Такое я сделал научное открытие... Старики, в том числе я, мира не видят и его не воспринимают. А что же? А вот что. Через глаза да уши, нос и кожу поступают старику, как и всем, разные сведения, именуемые информацией: разговоры, солнечный свет, слова, запахи, очертания предметов, цвет, температура. Но стариками все это воспринимается не как сущее, а как раздражители. Чего? Памяти. Поэтому старики глядят на настоящее, а видят прошлое: другие нам слышатся разговоры, других мы видим людей и другое солнце, другие нам чудятся запахи...

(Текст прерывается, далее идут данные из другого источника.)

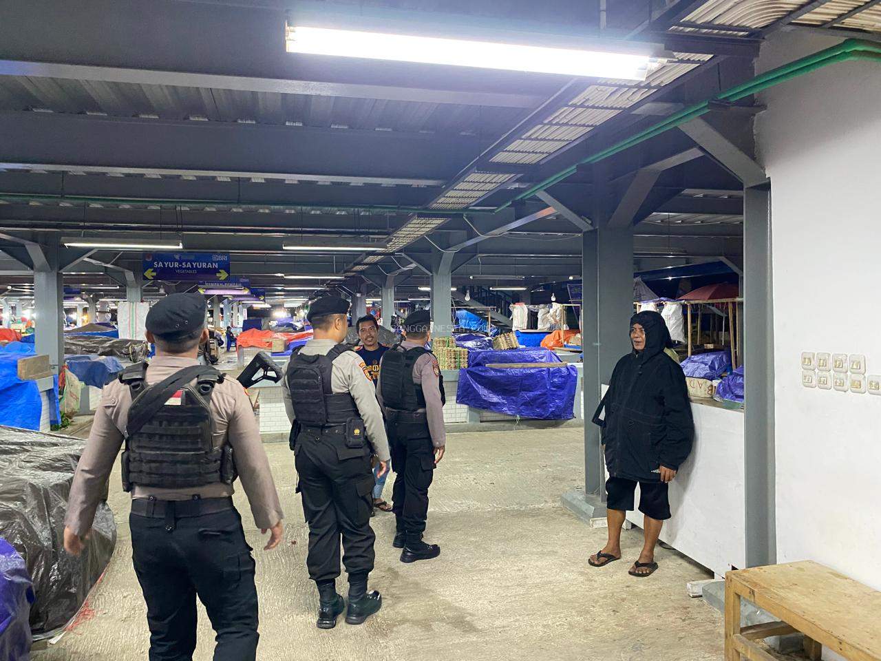 Personil Sat Samapta Polres Banggai, terlihat sedang berjalan kaki menyusuri lorong dan blok yang ada di dalam Pasar. Sesekali anggota tersebut berhenti di lapak pedagang untuk berdialog dengan warga masyarakat.

Некролог – это сообщение о том, что некий гражданин, оказывается, жил на земле.
Насчет инопланетян. Чего их искать, когда они тут, давно на земле, и с каждым годом их прибывает. Это старики. На молодых мы не похожи. Похожи, как индюк на лебедя. Все разное: физическая сила, мысли, вкусы, одежда, внешность... Молодые и старые – это разные люди. Поэтому молодые смотрят на старых, как на инопланетян, с луны свалившихся.
Время идет, время бежит... Считается, что так надо. Но кому?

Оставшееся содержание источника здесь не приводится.